We have been home schooling for two years. We took Harry, now 10, out of school at the end of Year 3 and Joe, who turned five in January, has never been to school.
1. We're really bad at getting going in the mornings.
How we ever got out of the house by 8.30am I'll never know. We frequently get up early, but between having breakfast, doing a few household chores, a cup of tea (or two... or three) for me, we're lucky to be dressed and ready to go by lunchtime.
2. Days out are easier when everyone else is at school.
Museums are empty. Parks are tranquil. Soft play places are almost tolerable. Plus activities are often cheaper on a weekday. A lot of the home ed families I know take full advantage of this during term-time and then hide like vampires during school hols. (And of course actual holidays are much cheaper during term-time.)
3. During the week, the outside world is a strange, child-free, place.
If ever we see any other kids at all, we want to ask what they're doing, if they're home edding too (they never are).
4. Home ed is not like homework.
A few friends have said they have such a horrible battle trying to get their children to do homework that they could never home educate. Well, that was one of my worries too. But it turns out that homework was such a battle because a) the children weren't interested or invested in it, and b) it was something they had to do rather than something they wanted to do. They ask to learn stuff now.

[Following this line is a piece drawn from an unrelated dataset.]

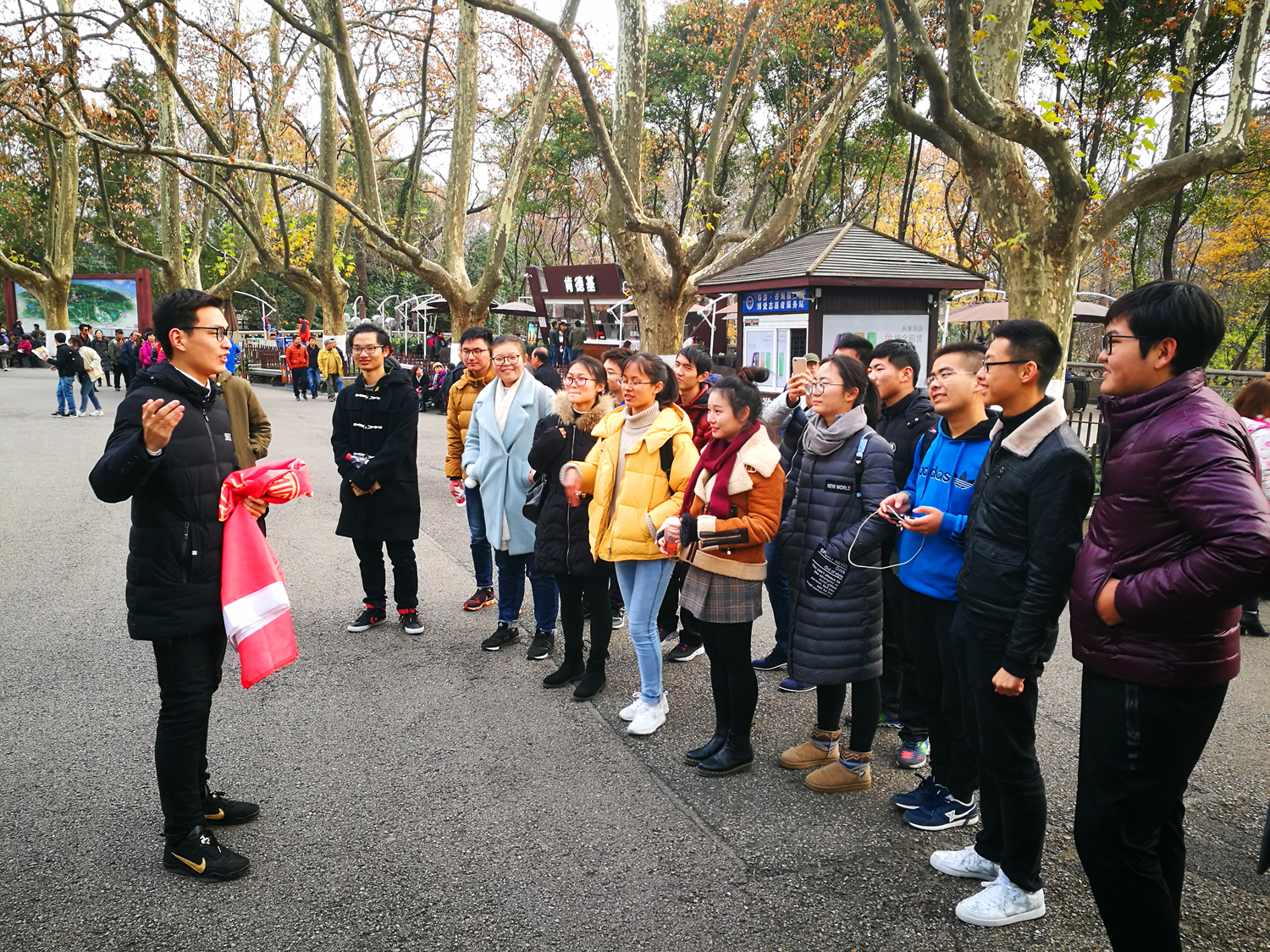 在攀登陵寝的途中,赵康同学为大家详细讲解了陵寝的布局寓意和建设沿革。到达陵寝后,同学们依次在纪念堂进行了拜谒,并聆听纪念堂的工作人员讲述了孙中山先生的革命历程。之后,在纪念堂前,大家齐声朗诵了《和平宣言》,表达了对战争的反思和对世界和平的期望。

5. Learning stuff you're interested in is easier than learning stuff you're not interested in.
Harry struggled with reading and spelling while he was at school. Since he's been home, both have come on in leaps and bounds because he's reading about Pokémon or Minecraft and wants to spell words like 'obsidian' and 'diamond' and it seems to have had a knock-on effect. I never have to say "sound... it... out..." through gritted teeth anymore.
6. It's impossible to NOT learn.
We are learning all the time. All of us. I mean, we know that, right? Reading, driving, watching TV, shopping... there is information everywhere, we can't avoid it. And yet some people still seem to think - and are keen to tell me - that you can only learn in school. I learned that's not true years after leaving school and it's important to me that my children learn it too. Life is learning. All the time.
7. People are really fixated on testing.
Almost everyone who has ever asked me about home ed has asked about testing and exams. But education is supposed to be about learning, not about testing. I know my boys are learning because they ask me questions, can answer questions I ask them, and frequently proudly point out things they know that they didn't used to know. No testing required.
8. I don't miss the school run. At all.
I work from home. Sometimes people ask me what I miss about working in an office and my answer is nothing at all. It's the same with the school run.
The morning frenzy of getting everything and everyone ready and out of the house before we'd all properly woken up. Watching the clock all day. The weather changing from glorious to thunderous at exactly 3.30pm. Having to get out of the car and miss a song you haven't heard for years on Steve Wright's Oldies. The stilted small talk with other parents you only ever see at school and with whom you have nothing in common apart from a child of a similar age.
9. Spending time with the children is wonderful.
It puzzles me a bit when people say they couldn't spend so much time with their children. I mean, they're you're children - what's so awful about them?
We enjoy each other's company, we have fun, we have in-jokes, we have a routine. My original plan for home ed was 'more joy together every day' and so far we are very much on track.
10. Home ed isn't that big of a deal after all.
We agonised over the decision to take Harry out of school - it seemed like such a huge thing to do - everyone goes to school, right? But it didn't take long at all before it felt completely natural. I can honestly say none of us misses school at all. I probably think "Wow, they don't go to school" with about the same regularity as I think "Woo-hoo! I don't have to go to school!" And I'm 43.